▶ **THE PROBLEM**
Please transcribe the records precisely; pictures stay out of your copy.

__________

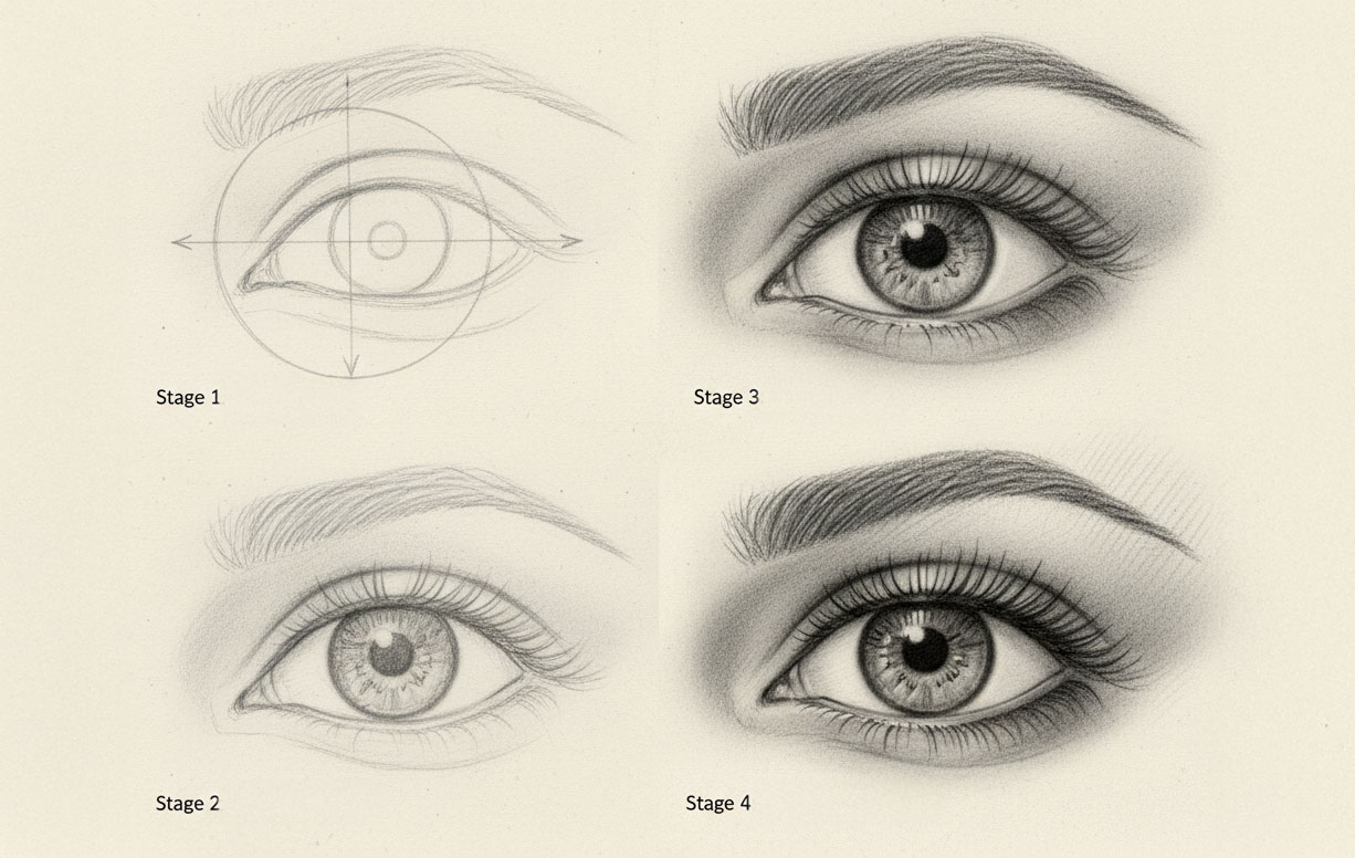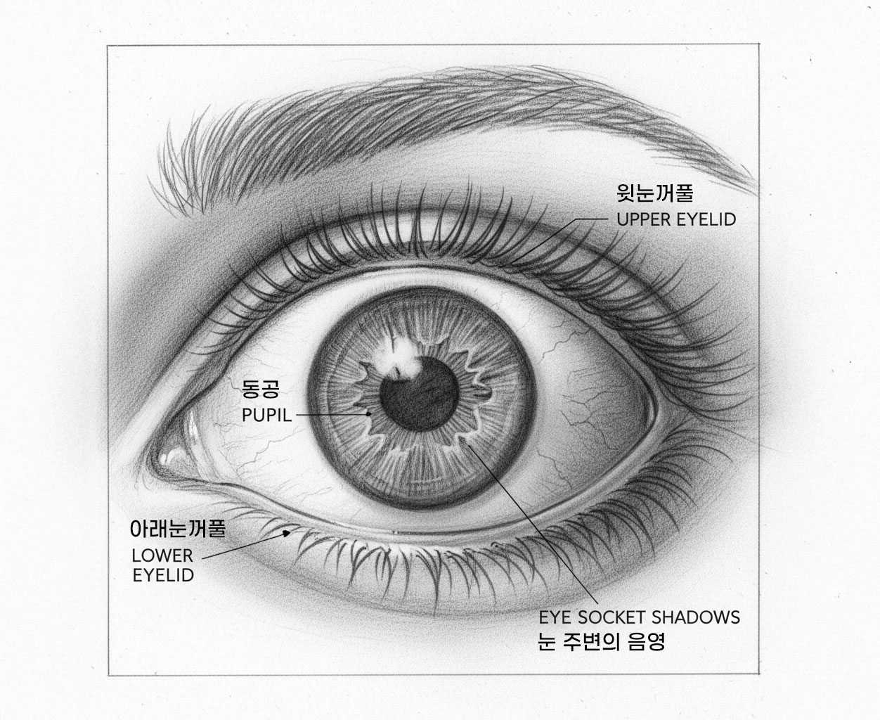 많은 초보자들이 눈을 그릴 때 홍채와 동공만 신경 쓰고 눈썹, 눈꺼풀, 그리고 눈 주변의 섬세한 근육과 음영을 간과합니다. 하지만 이러한 요소들이 모여야 비로소 살아 있는 눈을 표현할 수 있습니다. 눈 하나를 제대로 그리는 기술은 인물화 전체의 수준을 결정짓는 핵심 요소입니다.
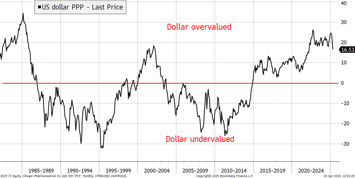 The point about the dollar is important because Trump wants it lower to adjust the US terms of trade. By my calculations, the cost of living is 16% above the rest of the developed world, having been 27% in the recent past. We have seen dollar-falls before, and this overvaluation is the primary reason I have been so reluctant to embrace US equities since late 2020.
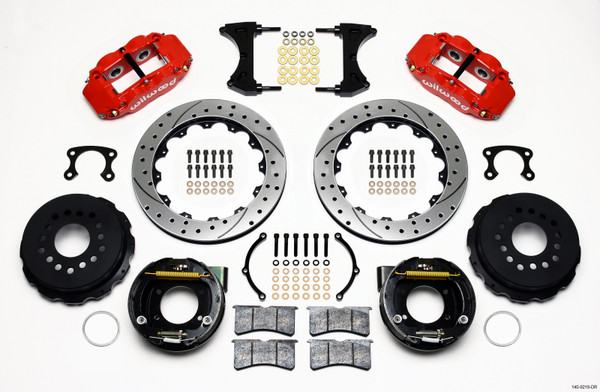 Wilwood Narrow Superlite 4R Rear P-Brk Kit 12.88in Drill Red Big Ford New Style 2.50in Offset - 140-9219-DR
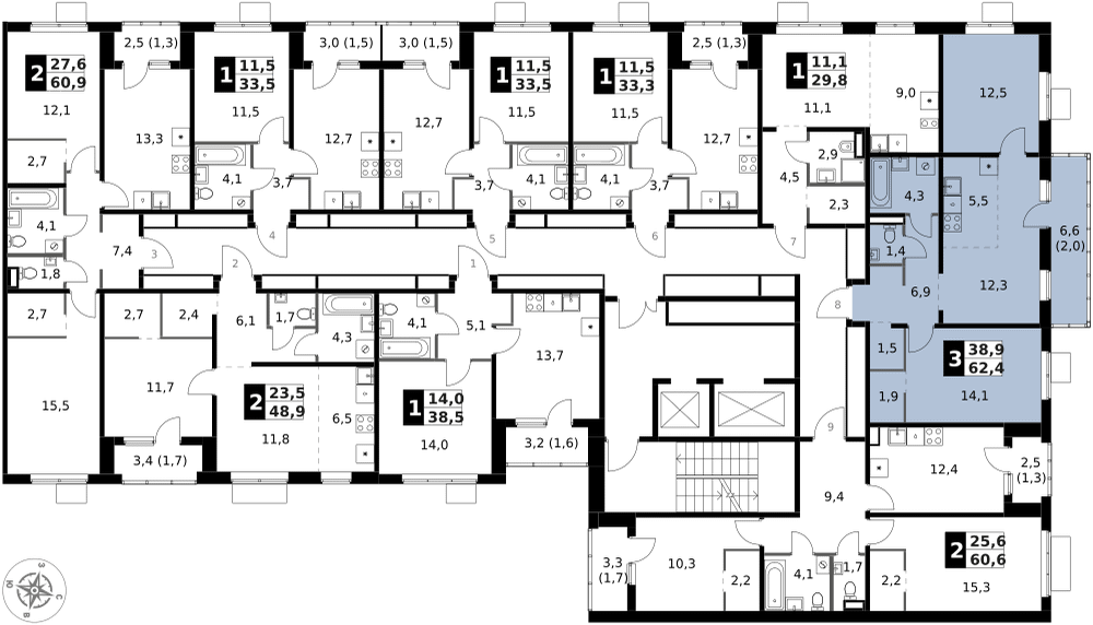 3-к. квартира, 62 м²
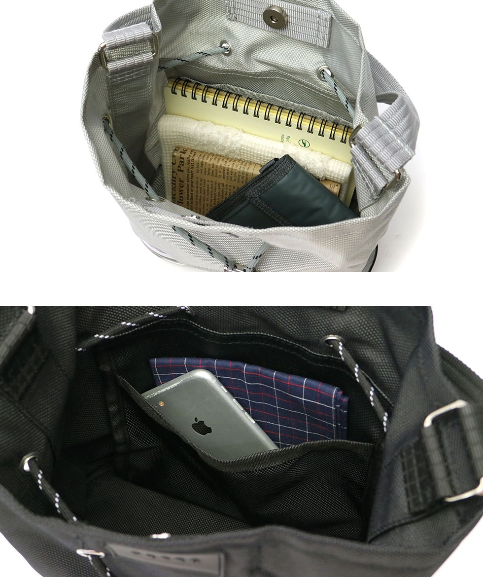 マグホック開閉のメイン収納部は、ペットボトルもしまえるお出掛けにちょうどいいサイズです。内装は、ポケットをひとつ設けたシンプルなつくりとなっており、小物類も散らばることなく収納可能。ソールがしっかりしているため、安定感も抜群です。
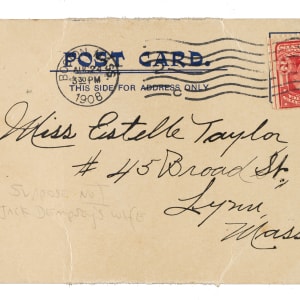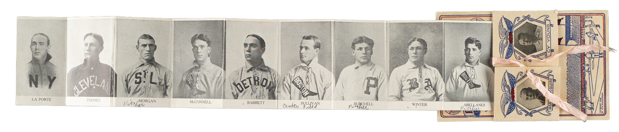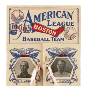 Exceedingly rare 1908 Boston Red Sox fold-out postcard. This is one of two different Boston Red Sox fold-out postcard issued in 1908, but this design is far more attractive and scarcer than its counterpart. This is only the second example of this particular postcard we have ever offered. The colorful design features the year and team logo at the top and a game-in-progress illustration along the base. In the center are two flaps bearing, respectively, the portrait images of Cy Young and manager Deacon McGuire. The flaps open up to reveal individual portrait images of 18 additional team members (stacked accordion style), with nine players on each side. Included here are Eddie Cicotte, Jake Stahl, Bill Carrigan, Heinie Wagner, Lou Criger, Harry Lord, Doc Gessler, Amby McConnell, Jack Thoney, and Cy Morgan. Each player is identified in print below his image. A 1908 copyright by “H. N. Dickerman” appears on the front in the lower left corner. The postcard (3.5 x 5.5 inches), which includes its original ribbon closure on the front, has been addressed and mailed, with the postmark dated “Boston, Mass. Aug. 24 1908.” There is an ink notation on the inside flap of the McGuire portrait. Twelve of the player portraits on the interior pages have the player's name scripted in black ink. In Fair condition overall. Despite its technical grade, this is an outstanding example of this great rarity and one that would be a welcome addition to any advanced Boston Red Sox collection.
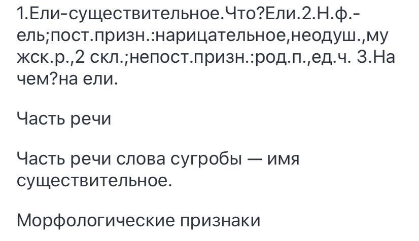 1.Ели-существительное.Что?Ели.2.Н.ф.-ель;пост.призн.:нарицательное,неодуш.,мужск.р.,2 скл.;непост.призн.:род.п.,ед.ч. 3.На чем?на ели.
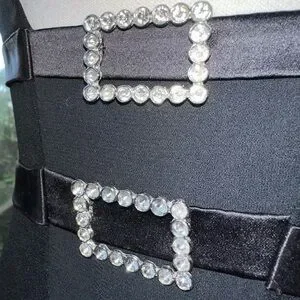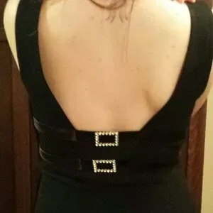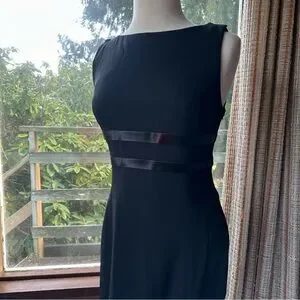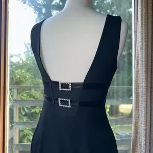 Very well made and Beautiful dress. 49" from armpit to hem. Vintage size 10. Some slight discoloration on empire waist design, missing rhinestones, and pin pricks on shoulder. All flaws shown. None of these are noticeable while wearing, due to excellent design. Flattering and chic.
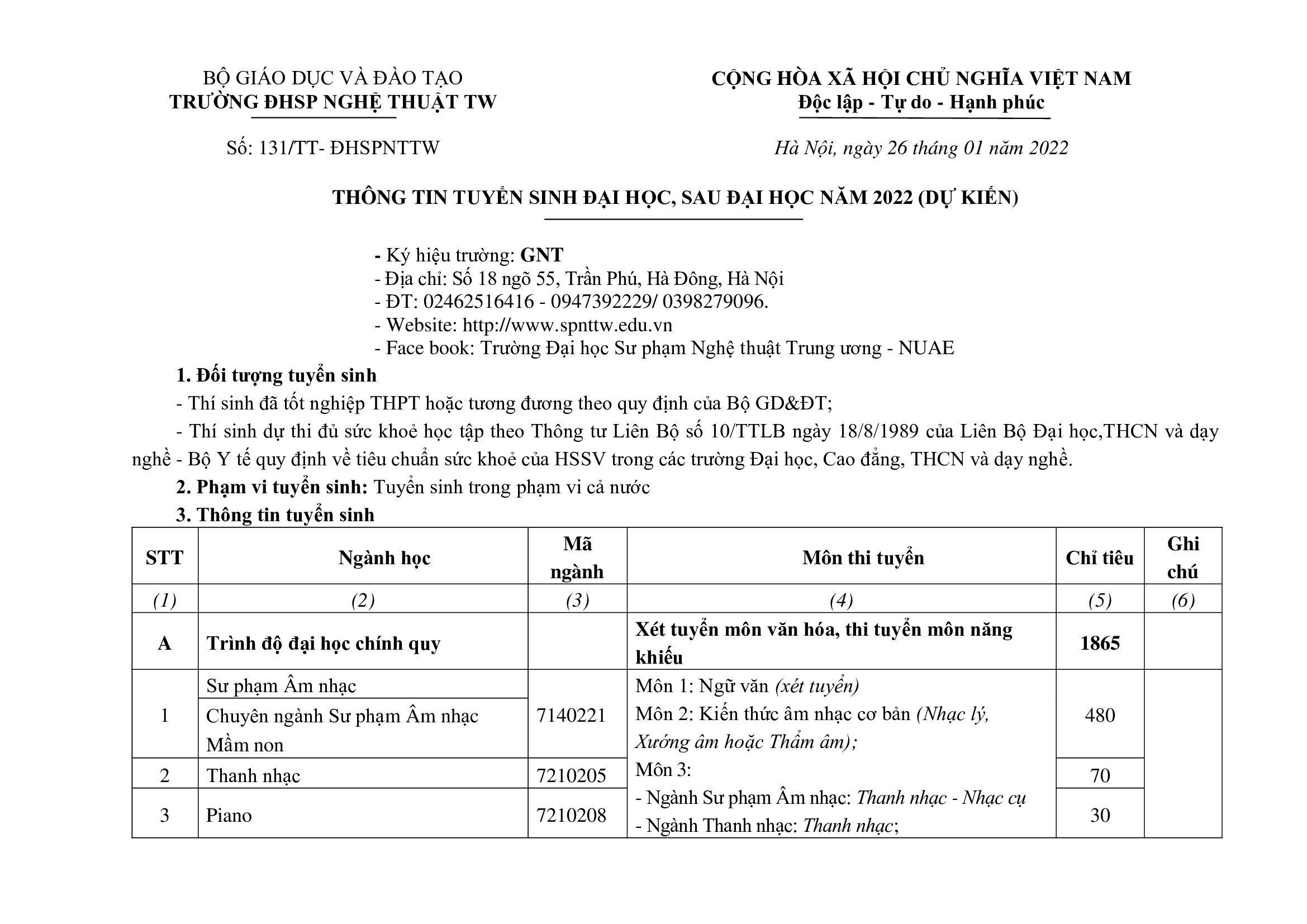 Thông báo số 131/TT-ĐHSPNTT, ngày 26/1/2022 V/v Thông tin Tuyển sinh Đại học, Sau Đại học năm 2022 (dự kiến) của trường ĐHSP Nghệ thuật TW

__________

▶ **ANSWER BELOW**
 많은 초보자들이 눈을 그릴 때 홍채와 동공만 신경 쓰고 눈썹, 눈꺼풀, 그리고 눈 주변의 섬세한 근육과 음영을 간과합니다. 하지만 이러한 요소들이 모여야 비로소 살아 있는 눈을 표현할 수 있습니다. 눈 하나를 제대로 그리는 기술은 인물화 전체의 수준을 결정짓는 핵심 요소입니다.
 The point about the dollar is important because Trump wants it lower to adjust the US terms of trade. By my calculations, the cost of living is 16% above the rest of the developed world, having been 27% in the recent past. We have seen dollar-falls before, and this overvaluation is the primary reason I have been so reluctant to embrace US equities since late 2020.
 Wilwood Narrow Superlite 4R Rear P-Brk Kit 12.88in Drill Red Big Ford New Style 2.50in Offset - 140-9219-DR
 3-к. квартира, 62 м²
 マグホック開閉のメイン収納部は、ペットボトルもしまえるお出掛けにちょうどいいサイズです。内装は、ポケットをひとつ設けたシンプルなつくりとなっており、小物類も散らばることなく収納可能。ソールがしっかりしているため、安定感も抜群です。
 Exceedingly rare 1908 Boston Red Sox fold-out postcard. This is one of two different Boston Red Sox fold-out postcard issued in 1908, but this design is far more attractive and scarcer than its counterpart. This is only the second example of this particular postcard we have ever offered. The colorful design features the year and team logo at the top and a game-in-progress illustration along the base. In the center are two flaps bearing, respectively, the portrait images of Cy Young and manager Deacon McGuire. The flaps open up to reveal individual portrait images of 18 additional team members (stacked accordion style), with nine players on each side. Included here are Eddie Cicotte, Jake Stahl, Bill Carrigan, Heinie Wagner, Lou Criger, Harry Lord, Doc Gessler, Amby McConnell, Jack Thoney, and Cy Morgan. Each player is identified in print below his image. A 1908 copyright by “H. N. Dickerman” appears on the front in the lower left corner. The postcard (3.5 x 5.5 inches), which includes its original ribbon closure on the front, has been addressed and mailed, with the postmark dated “Boston, Mass. Aug. 24 1908.” There is an ink notation on the inside flap of the McGuire portrait. Twelve of the player portraits on the interior pages have the player's name scripted in black ink. In Fair condition overall. Despite its technical grade, this is an outstanding example of this great rarity and one that would be a welcome addition to any advanced Boston Red Sox collection.
 1.Ели-существительное.Что?Ели.2.Н.ф.-ель;пост.призн.:нарицательное,неодуш.,мужск.р.,2 скл.;непост.призн.:род.п.,ед.ч. 3.На чем?на ели.
 Very well made and Beautiful dress. 49" from armpit to hem. Vintage size 10. Some slight discoloration on empire waist design, missing rhinestones, and pin pricks on shoulder. All flaws shown. None of these are noticeable while wearing, due to excellent design. Flattering and chic.
 Thông báo số 131/TT-ĐHSPNTT, ngày 26/1/2022 V/v Thông tin Tuyển sinh Đại học, Sau Đại học năm 2022 (dự kiến) của trường ĐHSP Nghệ thuật TW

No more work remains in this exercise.